Gender No Bar: How 5 Indian Villages Are Challenging Stereotypes
Here’s hoping they inspire villages and cities to follow suit.
If you think that progressive societies are the sole preserve of urban areas, then we have news for you. Over the years, it’s not from cities, but from Indian villages that some of the most inspiring stories have emerged. While this may come as a surprise to many, but it’s true that India’s villages have time and again proven what Mahatma Gandhi had once said - ‘The future of India lies in its villages’.
We bring you stories of 5 villages that stunned everyone with their progressive outlook and unconventional thinking.
Banwari Tola - Razor Sharp
If you think only women in cities are breaking gender barriers, wait till you hear about Banwari Tola. Nearly five years ago, two teenage sisters, Jyoti and Neha, in this village near Gorakhpur started dressing up as boys to run their father’s barber shop, after he fell ill. They did this assuming that men in their village will be reluctant to visit a barber shop run by women. Not ones to give up, they decided to keep their father’s shop afloat by transforming into Deepak and Raju.
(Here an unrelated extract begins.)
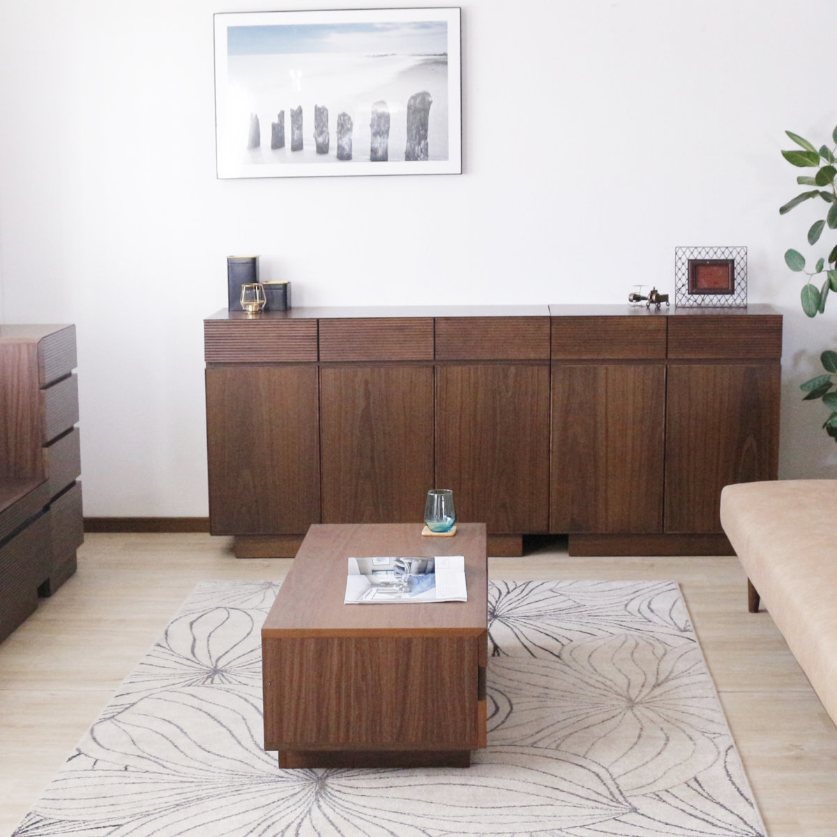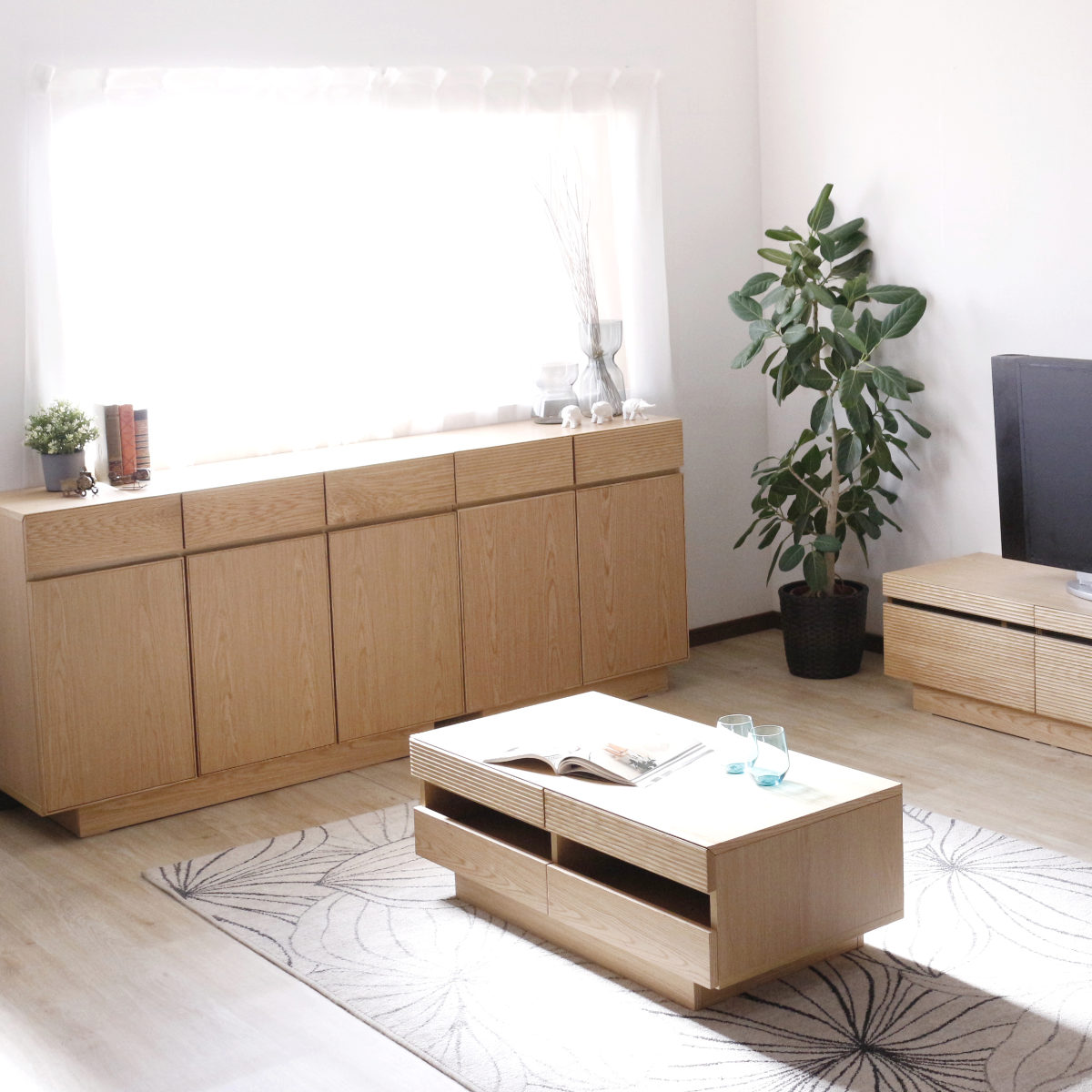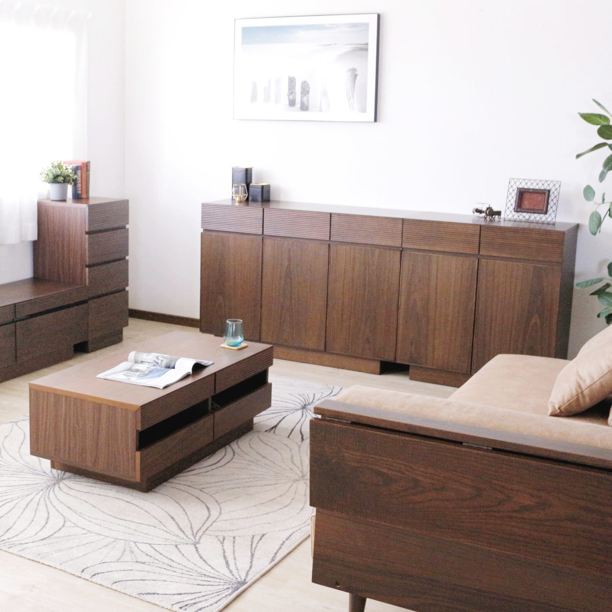 同じシリーズのテレビボードやサイドチェストと併せて使えばお部屋に統一感が出ます。また、幅80cmと120cmのサイドボードを組み合わせれば、収納力抜群の大容量リビング収納としてお使いいただけます。
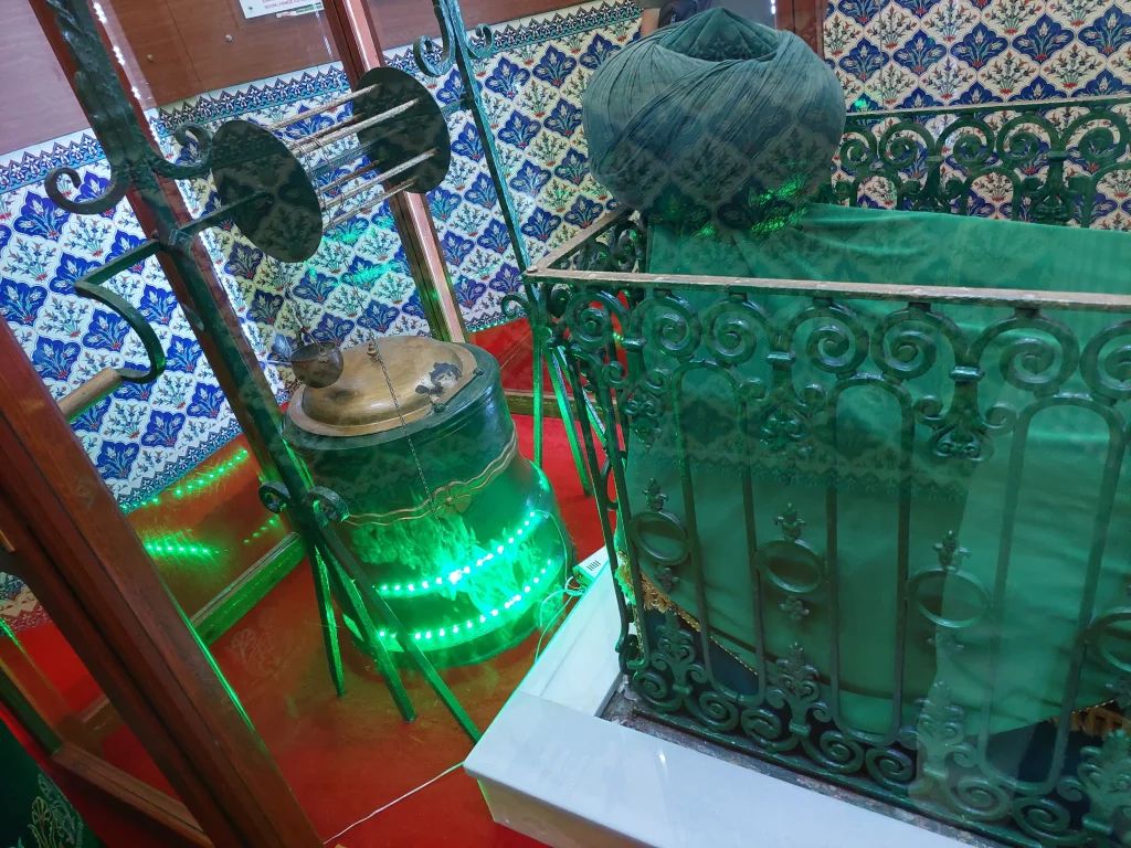 Kabir, türbenin tam ortasında demir parmaklıklarla çevrili sanduka içinde yer almaktadır. baş tarafında bir kuyu vardır.

While a lot of rural women live restricted lives, Jyoti and Neha didn’t think twice before shaving gender stereotypes by picking up the razor and running a male salon. That’s not all, to their surprise, when the fellow villagers learnt of this, they accepted it and celebrated the spirit of both sisters. Though the men took some time, they are now loyal customers at this truly inspiring barbershop and in awe of the skills of Jyoti and Neha. Now, isn’t that truly commendable? We urban denizens can learn a thing or two about being progressive from the people of Banwari Tola.
Chizami - Weaving Success Stories
In Nagaland’s Chizami village, economically backward women are at the forefront of a revolution. In 2008, Chizami Weaves, a livelihood program to support marginalised women was initiated by North East Network (NEN) in Nagaland. Since then, there is no looking back. Chizami Weaves is entirely run by women. From shawls and stoles to belts and mufflers, their line-up of products is diverse and impressive.
From being relegated to doing odd jobs in the unorganised sector, today these women have carved a socioeconomic identity for themselves. They’re the epitome of women’s emancipation. Not only are they gainfully employed, but they have also kept Nagaland’s indigenous textile tradition alive.
Mawlynnong - Clean Sweep
Here’s a challenge: Go to Mawlynnong village in Meghalaya and find a spot that’s dirty. You just won’t be able to. The beautiful village, also known as God’s Own Garden, is said to be the cleanest village in Asia, and this is only possible because of the collective efforts of the residents. The locals have taken it upon themselves to ensure that nothing spoils the beauty of this picturesque village. It’s not uncommon to find them cleaning the roads themselves.
That the village is dotted with bamboo bins is proof of how serious they are about cleanliness. Another interesting fact about Mawlynnong is that it has 100 percent literacy rate. This village clearly has its priorities right and is a model for the rest of India to emulate.
Punsari - Transformed By Tech
A village isn’t something that you would usually associate CCTVs, schools with ACs, biometric machines, affordable wi-fi connection and water purifying plants with. This is what makes a Gujarat village named Punsari different. Punsari has all the amenities that you just read about and more! The man who put this village on the technological highway was its former sarpanch Himanshu Patel. He changed the face of the village during his tenure between 2006 and 2016. Listen to him as he passionately talks about how he brought about this massive change.
Looks like our cities have a lot to learn from Punsari.
Piplantri -Little Green Revolution
In Rajasthan’s Piplantri village, the birth of a girl child is celebrated by planting trees. It wasn’t always like this. In 2006, the village sarpanch’s daughter died an untimely death. He turned this personal tragedy into his life’s mission and decided that the birth of a girl child will henceforth be celebrated by planting trees. Another reason why he came up with this rather unique practice was to fight female infanticide.
Since 2006, nearly 111 trees have been planted for every girl that was born. The residents have so far managed to plant more than 3,00,000 trees. Parents are also made to sign an affidavit to make sure their daughters receive proper education and are not married off early. A fixed deposit account is opened in the name of the daughter. If this isn’t women empowerment, what is? Not to mention the environmental benefits of planting so many trees.